The secret wealth and dealings of world leaders, politicians and billionaires has been exposed in one of the biggest leaks of financial documents, the BBC reports.

Some 35 current and former leaders and more than 300 public officials are featured in the files from offshore companies, dubbed the Pandora Papers.

The leak reveals that the Azerbaijani President Ilham Aliyev and his family, who have been accused of looting their own country, are one example.

The investigation found the Aliyevs and their close associates have secretly been involved in property deals in the UK worth more than £400m.

According to The Guardian, the Queen’s crown estate has launched an internal review over a £67m London property it appears to have bought from Azerbaijan’s multimillionaire ruling family – which has repeatedly been accused of corruption.

A spokesperson for the estate, which manages £15bn of property assets, said: “Before our purchase of [the building] we conducted checks including those required by UK law. At the time we did not establish any reason why the transaction should not proceed.

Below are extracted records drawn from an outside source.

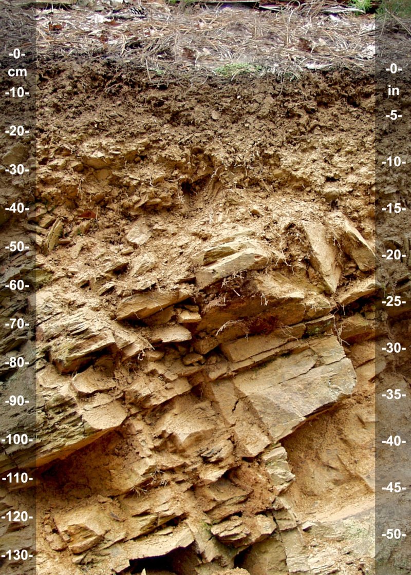 Soils on this ecological site are typically shallow to moderately deep, well drained to somewhat excessively drained Inceptisols, although shallow Ultisols are included in the range of variability. At the surface and throughout, these soils typically have an abundance of rock fragments. Parent materials are residuum derived from acidic, weathering-resistant igneous or metamorphic rocks.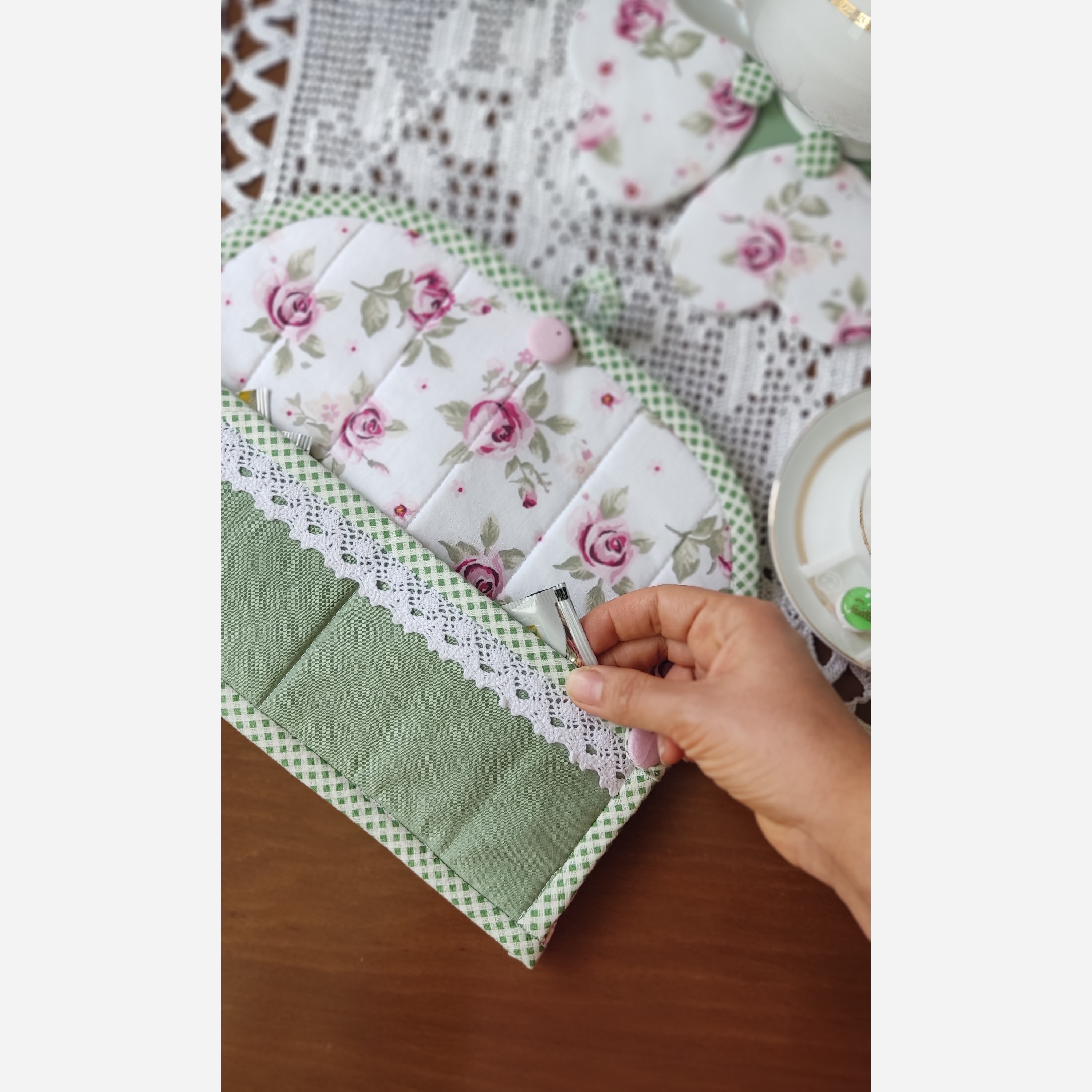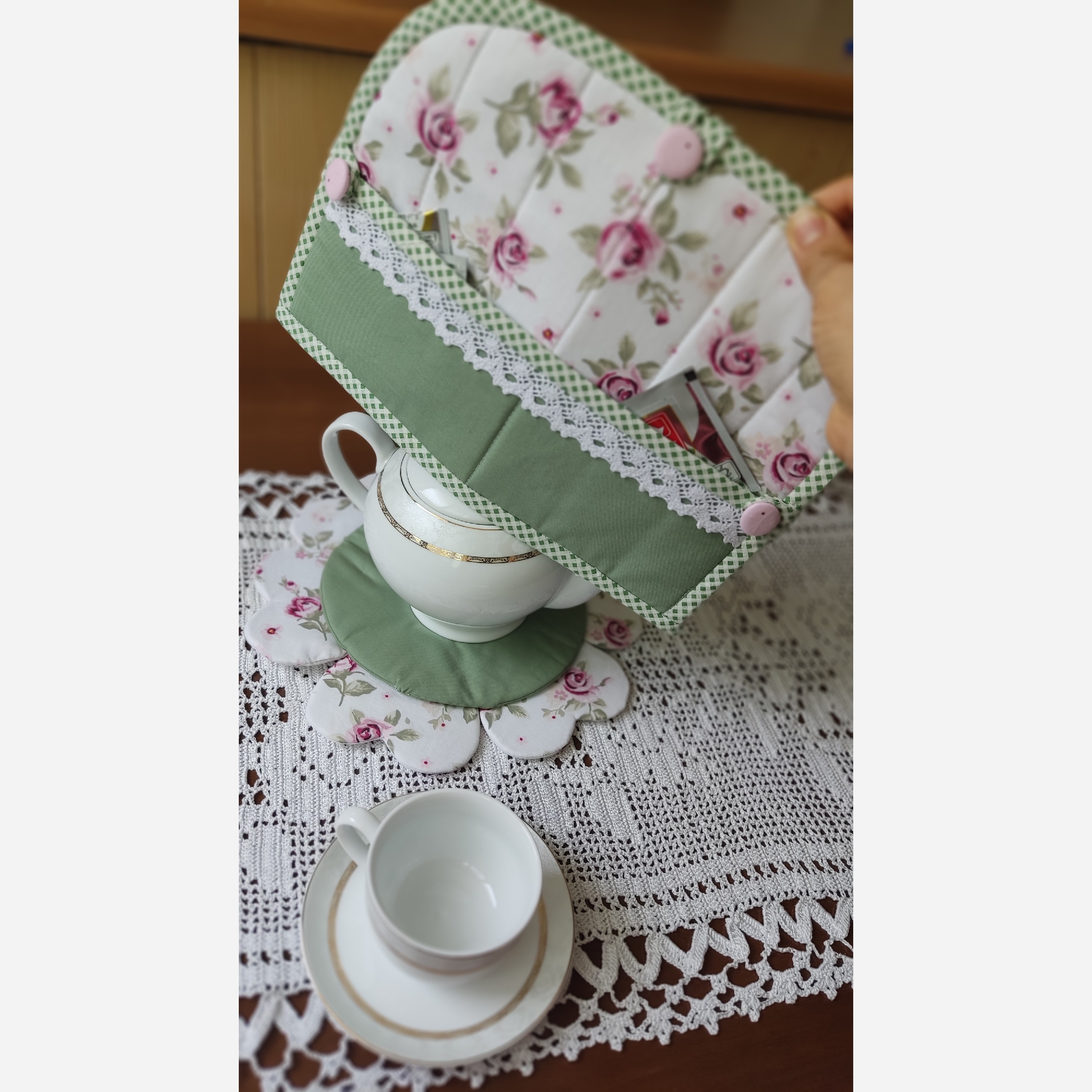دمکن قوری کمک میکنه چاییتون بهتر دم بکشه .یا وقتی میری پیکنیک یا تو باغ و حیاط میتونی قوری رو بزاری کنارت باعث میشه چاییت داغ بمونه.دو تا جیبم داره . حجم داره و برای چن سایز قوری میتونی استفاده کنی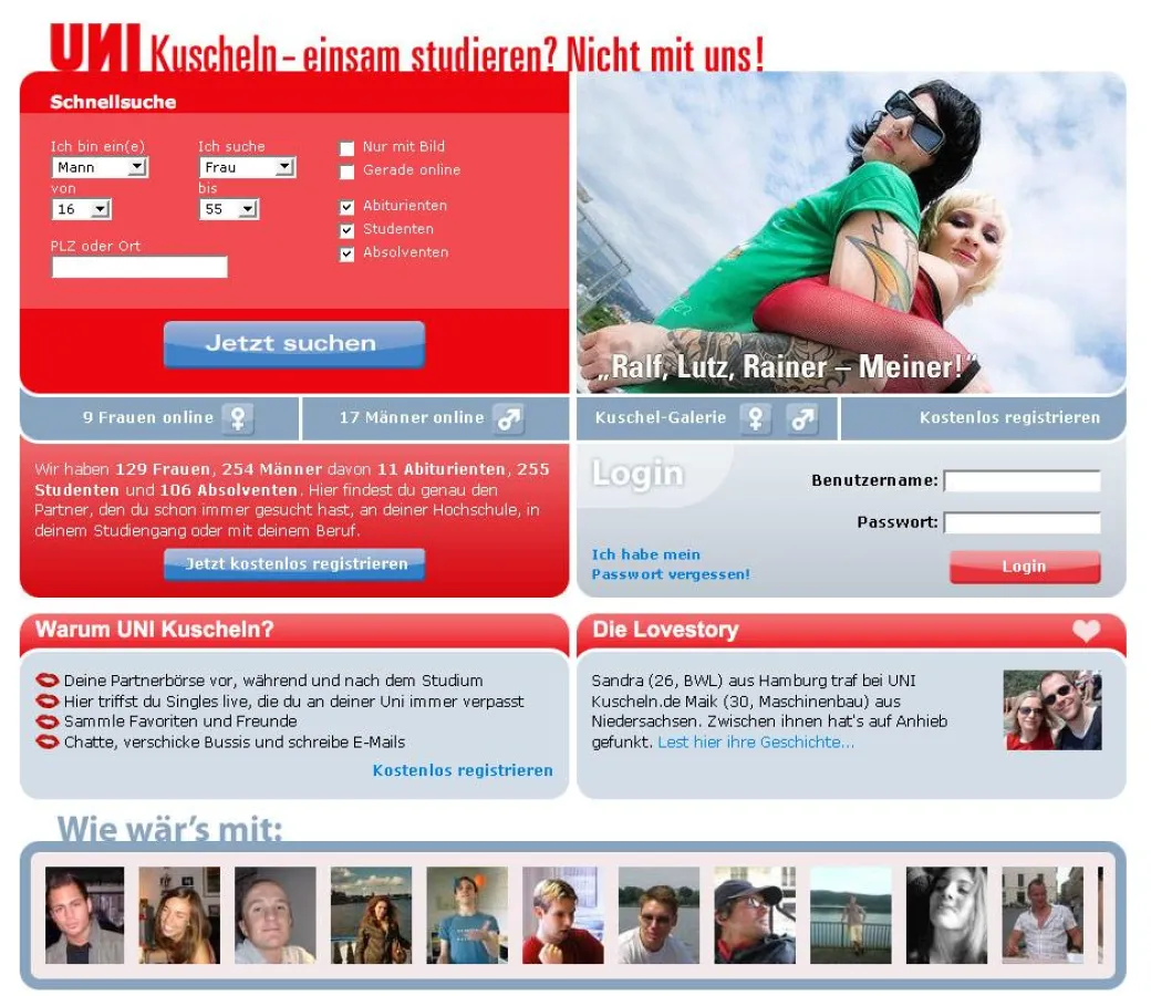 Mit "UNI Kuscheln" hat die Bremer Internet Agentur eWerk GmbH nicht bloß eine weitere Datingplattform im Internet geschaffen, sondern strebt die Marktführerschaft im Segment der Singlebörsen für die Zielgruppe der jungen angehenden Akademiker an.

Given the potential concerns raised, we are looking into the matter.”

In August 2018, the crown estate paid £66.5m for 56-60 Conduit Street, an eight-storey office and retailing property in London’s Mayfair, which it bought from a British Virgin Islands-based company called Hiniz Trade & Investment.

Hiniz had acquired the building for £35.5m in 2009, and the Pandora papers show how the ownership of the company was passed from the president’s daughter, Arzu Aliyeva, to her grandfather Arif Pashayev, who then placed the company into a trust in 2015.

The leaked files do not show the source of the funds originally injected into Hiniz, but disclosure of the company’s shareholders – and the manner in which ownership was switched between members of Azerbaijan’s first family – raises fresh questions about whether the transaction should be investigated on money-laundering concerns.